## Should we use correlations in research?

What is a correlation? Well, a correlation is defined as a relationship between two variables. And just like any kind of relationship there are both positive and negative aspects to correlational designs. I’m going to start with a bit of correlation basics before discussing the negative aspects to correlations (to get them out of the way first), and then I will talk about the more positive side to this type of design before finally reaching a conclusion to the question “should we use correlations in research?”

I’m pretty sure that by now everyone knows that we can have positive or negative relationships between variables or even no relationship at all. However, we need to be able to measure how strong the relationship between the two variables is. If you look at the image below it shows the different relationships that can occur and their strength.

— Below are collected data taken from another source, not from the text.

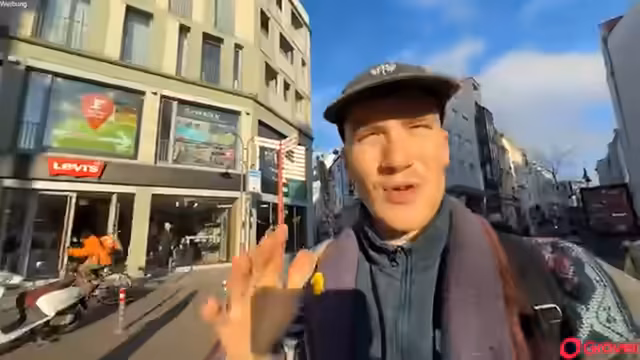01:00:49Während des Spaziergangs durch Köln stellt der Streamer einen vorbeikommenden Mann namens Adi zur Rede. Er versucht ihn dazu zu bewegen, vor die Kamera zu kommen und für einen kurzen Clip zu posieren. Nach anfänglicher Zögern lässt sich Adi auf ein 'Gage' von 5 Euro ein. Er gibt sich als 'Texas Man' und streamt auf Twitch. Nachdem der Geldbetrag übergeben wurde, verschwindet Adi jedoch abrupt wieder, was beim Streamer und im Chat für Verwirrung und Frust sorgt.
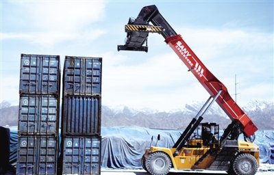5月9日,一辆集装箱装卸吊车准备搬运集装箱。作为青海、西藏唯一的铁路交通大动脉——青藏铁路,大大提高了沿线矿产资源的开发利用。据统计,2011年,仅柴达木循环经济试验区内,青藏铁路外运钾肥、原油、纯碱等大宗原材料产品超过2000万吨,预计到“十二五”末,这一数字将超过6000万吨。 新华社记者 王 博摄
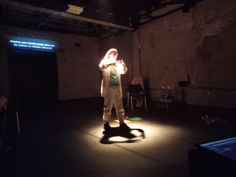Chaque résidence nous a permis d’approfondir la dramaturgie, de définir nos places sur scène, de décider la ligne artistique à suivre pour élaborer la matière sonore et la lumière. Nous avons travaillé de nombreuses heures en ligne, vu que Valérie vit à l’étranger. Nous avons d’abord présenté en français un travail qui a constitué le socle de notre représentation actuelle qui est en arabe avec des surtitres en français. Il y a une distance qui s’est alors créée avec le texte initial que Valérie a choisi d’oublier pour pouvoir l’apprendre en arabe. Cela lui a permis de le redécouvrir et de l’aborder avec un imaginaire autre. Les mots en arabe ne renvoient pas aux mêmes images.
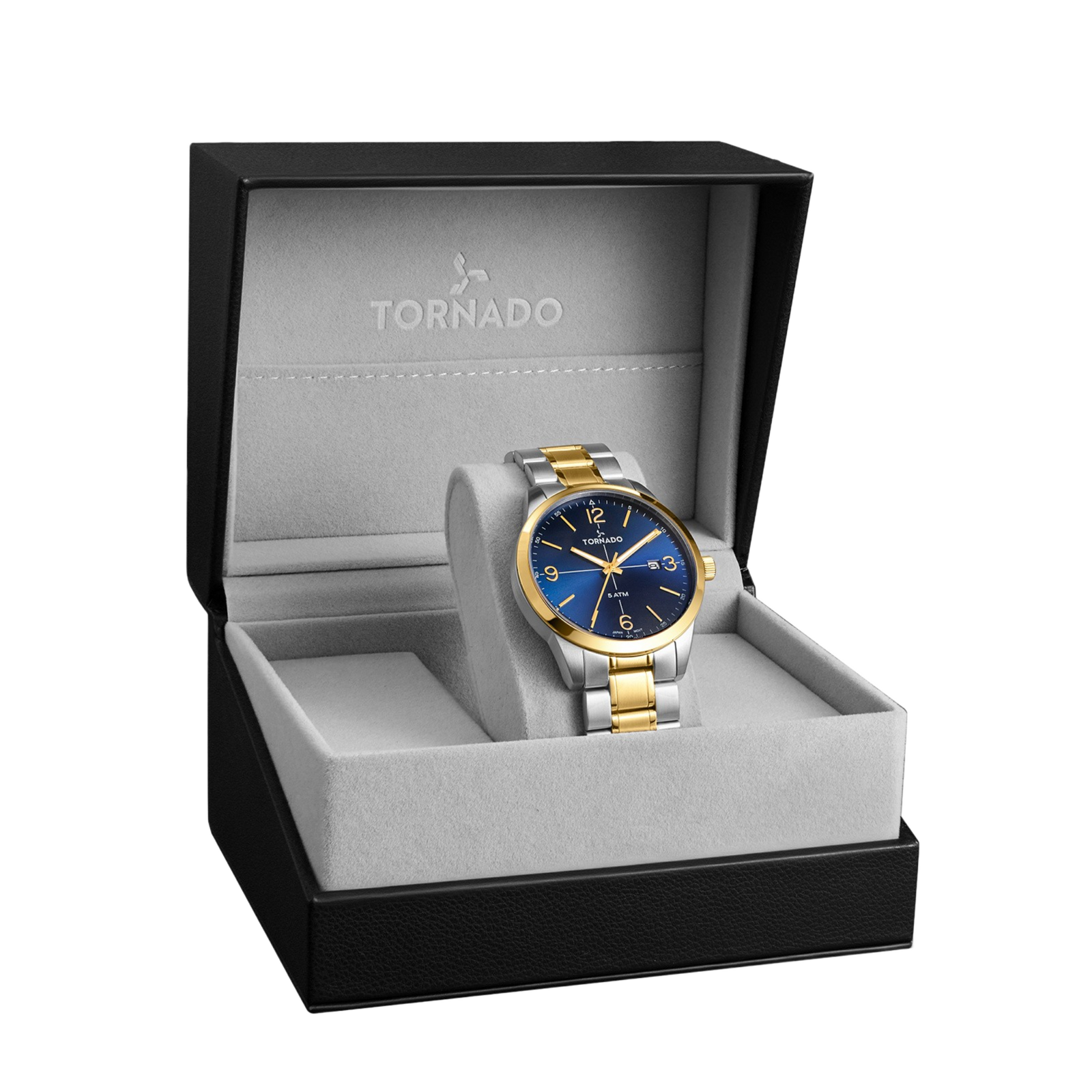 This two-tone variant of the TORNADO CLASSIC exudes calm, undeniable presence. The blue dial sits at the centre of the design, rich with a subtle play of light, but kept orderly by clean proportions. Gold-coloured markers stand out clearly against the dial, while the mixed gold and silver hands mirror the case and bracelet without drawing undue attention. The date window at three o’clock is neatly framed and easy to read at a glance.
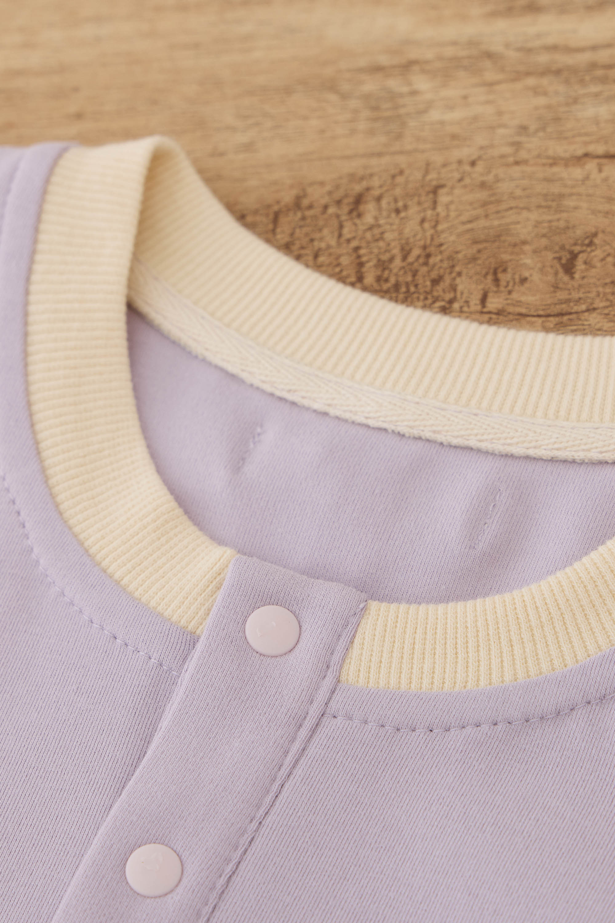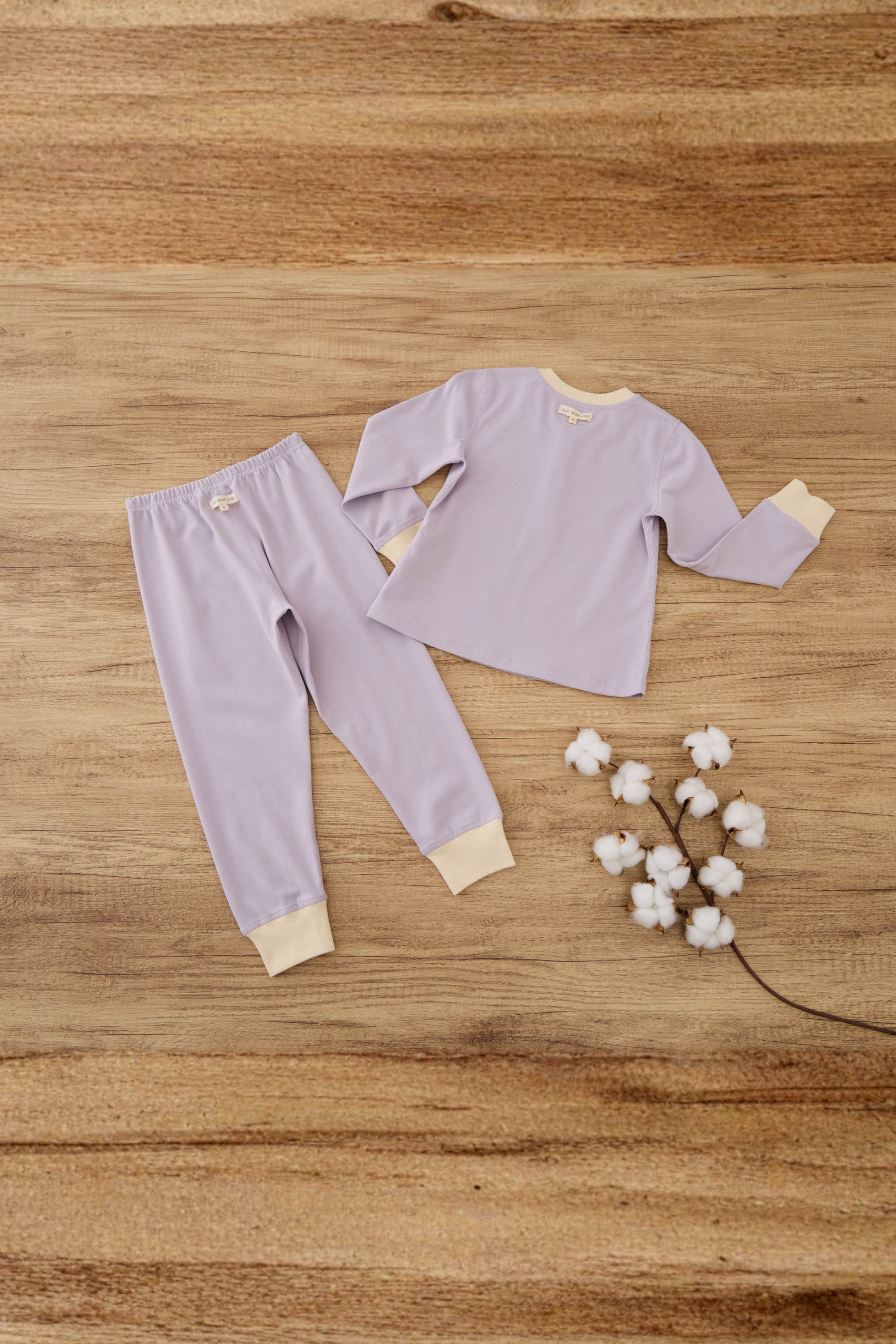 Inspired by nature’s colours, this collection features muted purple and earthy brown, both created using natural dyes from plants, roots, and flowers. Combined with organic cotton, these fabrics are skin-friendly, breathable, moisture-wicking, antibacterial, anti-itch, hydrating, and UV-resistant. Naturally eco-friendly, they are ideal for sensitive skin. The art of natural dyeing lends each piece a unique, handcrafted quality while embracing sustainability. These soft, understated colours evoke a sense of warmth and connection to nature, encouraging us to slow down and appreciate its simple, pure beauty. This cozy Henley pajama set combines style and comfort for a restful night’s sleep. The color-blocked Henley top brings a playful, modern look, while the button-down front adds a touch of classic charm. Paired with matching color-blocked pajama pants featuring an elasticated waistband, this set ensures a relaxed fit that’s perfect for lounging or sleeping, allowing little ones to stay comfortable all night.

The strength of relationship is assigned a numerical value with -1.00 being a perfect negative correlation and +1.00 being a perfect positive correlation. The first image (top left) shows no correlation (a value of 0.00 shows no relationship between the two variables being measured). However the bottom right image shows a correlation equal to 0.99 which is suggestive of a very strong positive relationship between variables. Similarly a value of -0.99 shows a strong negative relationship.

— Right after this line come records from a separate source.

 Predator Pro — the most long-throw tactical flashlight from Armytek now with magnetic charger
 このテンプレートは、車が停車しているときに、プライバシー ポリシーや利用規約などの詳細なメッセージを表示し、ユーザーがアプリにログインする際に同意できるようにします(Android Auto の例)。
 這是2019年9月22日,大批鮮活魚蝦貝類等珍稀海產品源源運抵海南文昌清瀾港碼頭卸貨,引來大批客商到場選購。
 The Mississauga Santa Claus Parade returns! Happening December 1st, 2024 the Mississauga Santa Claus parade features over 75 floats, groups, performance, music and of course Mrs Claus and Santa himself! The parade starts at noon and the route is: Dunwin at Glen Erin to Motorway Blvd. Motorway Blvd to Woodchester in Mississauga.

Now that little introduction is out of the way we can get into the more interesting stuff (can’t believe I’ve just said that!) As I just mentioned above, a correlation of 1.00 (+/-) shows a perfect correlational relationship between two variables. But even so we cannot infer causation from correlational research. For instance, we may see that there is a relationship between A and B but we do not know whether A causes B.  The first of the negative aspects of correlation studies I will discuss. One of the main problems to do with causation is that we often do not have tight control over variables so we may not always know whether the two variables we aim to study are the only variables at effect. The third variable problem suggests that there may be a third variable at play in a study that you are not aware of! So we might think that there is a relationship between A and B, when in fact a third variable (let’s call it C) is affecting A, or B, or both! I presented a piece of evidence in one of my comments the other week that shows the third variable problem in action and probably helps to get across what I mean. Li (1975)* wanted to find out which variables were the best predictors of the use of birth control in Taiwan. To cut a long story short it was found that the variable that correlated the most highly with the use of birth control was the number of electrical items that there were in the house! Clearly the researchers could tell something was amiss there, no way is owning a kettle going to increase the use of birth control right? Exactly, and this is why researchers realised that there was a third variable contributing to the correlation they were seeing. After some more research they discovered that the third variable was actually how well educated the individuals were; those who attended school regularly learnt about birth control, they probably got better jobs and so could afford more electrical appliances. So therefore it wasn’t actually whether you owned a toaster (A) causing the use of contraceptives (B) but actually our third variable, education (C). Whilst this piece of research was quite easy to spot that there was something else contributing to the correlation that was seen it isn’t always that easy and often things such as this can go unnoticed.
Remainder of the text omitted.